Simon Bell, Commercial Manager, Sage Ireland said:
“The proposed extension to the SEPA transition phase, while welcome, is a precautionary measure intended to give more time for companies to become compliant. The situation is still crystalising and it remains to be seen how this proposal will be implemented at a national level. As such, Sage would advise that businesses continue to work towards the 1st February deadline to avoid the risk of a shutdown of payments in and out of their companies after this date. In early December, ISME reported that 73% of SMEs have started the implementation process and we are aware that there have been significant strides in the market since then. Sage have been at the forefront in preparing for SEPA for the last year and urges businesses to not be complacent in completing their migration and to continue working to the legal migration deadline of 1st February 2014.
“Minister for Small Business, John Perry T.D., yesterday echoed this sentiment: “Even with this proposed additional transition period of six months, I am still urging all businesses to act now and contact their bank and software provider to help ensure that their pay-roll, direct debit and accounting systems are SEPA ready before the February deadline. Each bank will be able to advise their clients on any actions that need to be taken to make sure that each business is fully SEPA-compliant for 1st February.”
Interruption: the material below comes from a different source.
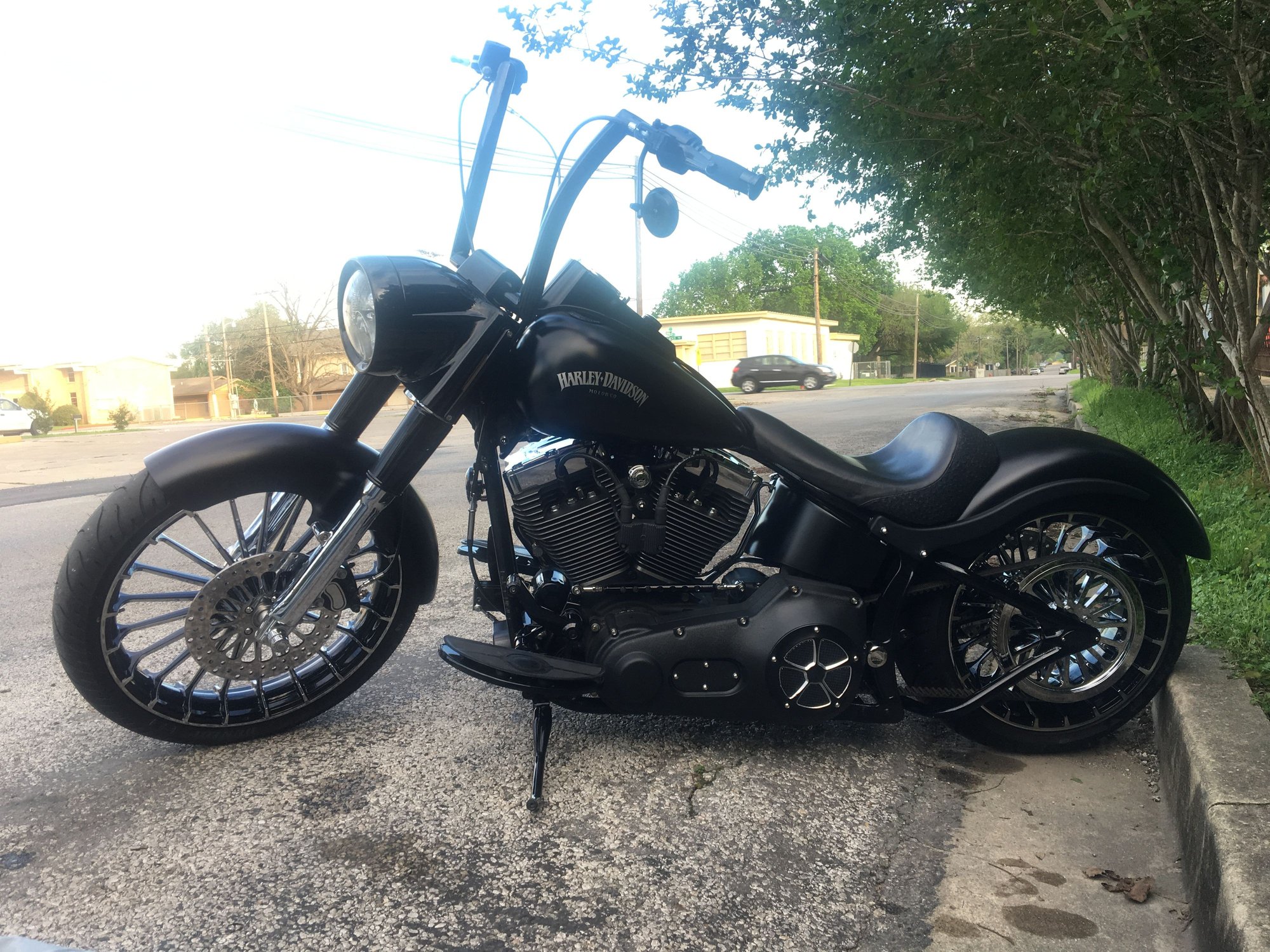 Loving the new look and 21 wheel on the Fatboy. Oh yeah, I already had 3 degree trees on bike previously - I know its not required for 21 wheel. Couple pics before and after:

“SEPA is only one of five initiatives in the National Payments Plan. Businesses need to ensure they are also ready for the e-Day deadline on 19th September 2014. e-Day aims to reduce cheque usage in the economy and from the 19th September all central government, local authorities and State agencies will no longer issue or accept cheques. SMEs are either issuers or receivers of 60% of all cheques in Ireland so it is crucial that they are prepared for this change.”